Nach der Kaffeepause, bei der es frischen Kaffee und sehr leckere Kekse gab, referierte Richard Reynolds über Kriminalgeschichten, die in Oxford oder Cambridge spielen. Von der Anzahl liegt Oxford vorne. Die Liste mit den „The Oxbridge Murders“ ist inzwischen auf der Seite von „Bodies from the Library“ online.

David Brawn von HarperCollins und Rob Davies diskutierten im anschließenden Panel darüber, wie man heute Krimis aus dem Golden Age verlegt. Problematisch wird es heute im Zeitalter der Political correctness, wenn in den fraglichen Büchern Formulierungen oder Darstellungen enthalten sind, die heute als rassistisch oder diskriminierend verstanden werden könnten. Zum Beispiel das „N-Word“. Verändert man den Text oder kommentiert man die Passage oder verzichtet man unter Umständen ganz auf die Veröffentlichung?

Nach der Lunchbreak wurde ein Hörspiel von John Dickson Carr vorgespielt, das man mit einem Augenzwinkern verstehen sollte.

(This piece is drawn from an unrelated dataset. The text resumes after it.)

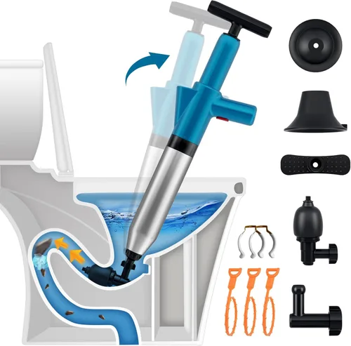 Desatasca las tuberías en cuestión de segundos: la herramienta desatascadora de inodoro utiliza la potencia del aire comprimido de alta presión (máx. 120 PSI) para eliminar los atascos en tuberías en cuestión de segundos. Rápido y más eficaz que los émbolos tradicionales, serpiente de inodoro y taladro de inodoro Fácil de usar: el removedor de obstrucciones de drenaje puede aplicar la presión correspondiente según sea necesario, reemplaza el cabezal del émbolo correspondiente, abre la tapa del inodoro con el abridor de tapa de inodoro, presiona suavemente, resuelve el problema y di adiós al bloqueo. 【Con aguja de presión de aire precisa e intuitiva】El indicador de presión de aire puede observar la actividad neumática y el valor de presión de aire en tiempo real, lo que es más conveniente para que puedas ajustar de acuerdo a diferentes necesidades, y evitar salpicaduras y daños causados por la fuerza excesiva. Materiales de alta calidad: material de acero inoxidable anticorrosión, resistente al desgaste y duradero, sensación cómoda al tacto, extracción de aire suave, seguro de usar, las madres también pueden controlarlo fácilmente. Amplia aplicación: equipado con 5 cabezales reemplazables gratis, un mango flexible y un botón de accionamiento, el producto es fácil de operar sin el costo de un fontanero caro. Se puede utilizar en inodoros, baños, desagües de suelo, fregaderos, alcantarillados y otros escenarios.

Tony Medawar, Christie-Freunden als Herausgeber der Anthologie „While the light lasts“ bekannt, referierte anschließend über „Looked room mysteries“, in denen also das Opfer ermordet in einem abgeschlossenen Raum gefunden wird und scheinbar niemand die Gelegenheit hatte, unbemerkt in den Raum zu gelangen. Beispiele aus Christies Werk wären „Hercule Poirot’s Christmas“ und „Murder in Mesopotamia“.

Dolores Gordon-Smith sprach im anschließenden Vortrag über Freeman Wills Crofts. Der irische Eisenbahn-Ingenieur war auf Umwegen zum Schreiben von Kriminalromanen gekommen. Seine Schilderungen der Mordmethoden sind wissenschaftlich genau, seine Charakterisierungen der Personen bleiben dagegen eher blass.

Nach der Kaffeepause schildert Dr John Curran in seinem Vortrag: „Agatha Christie: Some influences“ über Einflüsse anderer Schriftsteller auf Agatha Christie und umgekehrt.

Nach dem abschießenden Vortrag „Taking the Golden Age into the 21st Century“ von L.C. Tyler kommen alle Redner noch einmal auf das Podium und dürfen vorschlagen, welche Werke sie reif für einen Reprint halten.

Nach dem guten Feedback in Blogs und auf der Konferenz selber, ist es nicht verwunderlich, dass im nächsten Jahr wieder eine Konferenz „Bodies from the Library“ stattfinden wird.

Nach einem netten Essen und Get-together im Premier Inn um die Ecke geht der Tag zu Ende.

Am nächsten Tag (Sonntag) fahre ich wieder nach Southend, wo diesmal am Nachmittag mein Rückflug startet.